Compounding on the already complex nature of taxes is that tax laws, filing due dates, rates, procedures, forms and regulations vary from state-to-state. To help you sort through the confusion, below is an outline of what you need to know to determine if you are required to file a corporate state tax return.
One quick qualifier is understanding that there are a few states in the US that do not charge state income tax: Alaska, Florida, Nevada, New Hampshire, South Dakota, Tennessee, Texas, Washington and Wyoming. If your company earns income in any one of the other 41 states or the District of Columbia, you will likely need to file a state income tax return.
Nexus means that you file and pay state taxes on sales for the state(s) in which you do business. For example, if you are doing business in Chicago, you must file and pay Illinois state taxes.
Most states impose tax on income or on corporations with sufficient connection nexus. That is, if they have “sufficient physical presence” with the state.

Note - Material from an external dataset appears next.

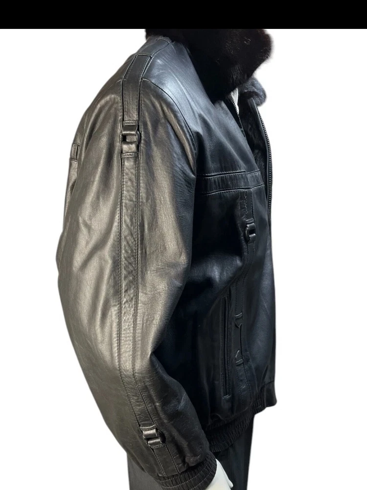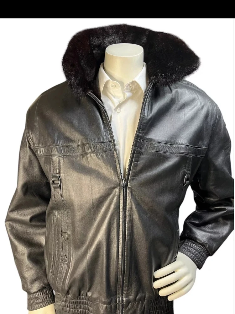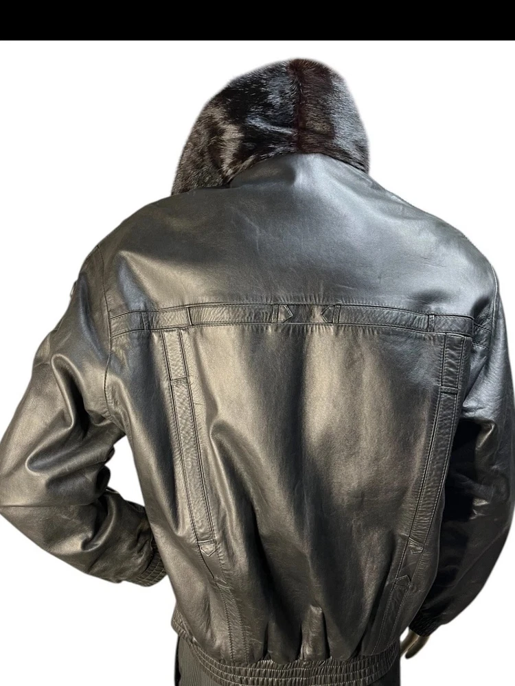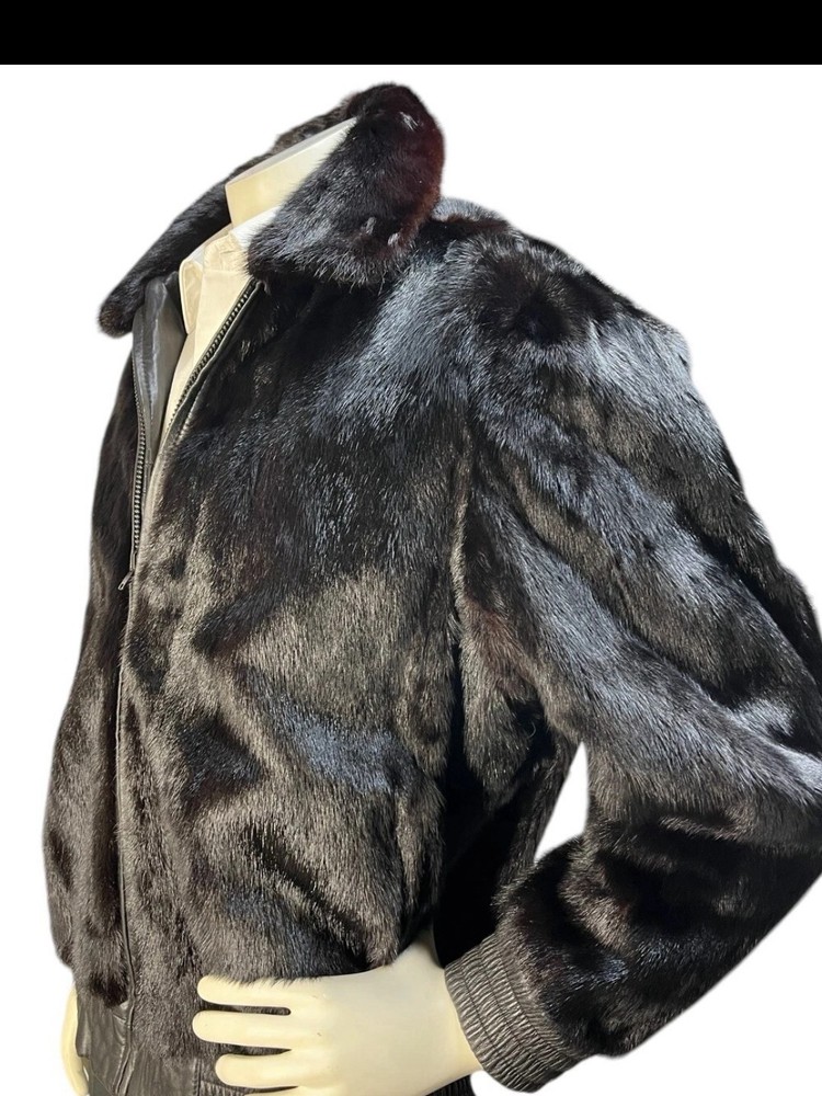 This custom made black reversible men's mink leather bomber jacket in size large is a stylish and luxurious outerwear option. Made in the United States, the jacket features a mid-length design with a classic fit and a zip closure. Perfect for various occasions such as parties, formal events, and business meetings, this jacket is both versatile and sophisticated. The unique reversible feature adds an extra touch of practicality, making it a versatile addition to any wardrobe for the winter season.

Most taxpayers have a tax home where they live and work, and file one tax return in that state. Taxpayers earning income in a state other than their tax home must file a state tax return in that state(s). The tax rate may be fixed for all income levels, taxpayers of a certain type or graduated. Most states conform to federal rules for determining gross income, timing of recognition of income and deductions, and most aspects of business deductions.
Filing due dates vary from state to state. Fortunately, the American Institute of CPAs (AICPA) has compiled a helpful list of states and their corresponding corporate state filing deadlines here.
You will not pay taxes twice. The US Supreme Court rules that two states cannot legally tax the same income. This exempts the taxation earnings and other sources of income taxed elsewhere.
Penalties for not filing a state tax return can be just as harsh as those imposed by the IRS. Every state, including those with no income tax, has a state taxing authority. These authorities have the power to examine the returns filed with it. Each has a tax collection mechanism, impose penalties and interest for failing to file or pay taxes, or filing late.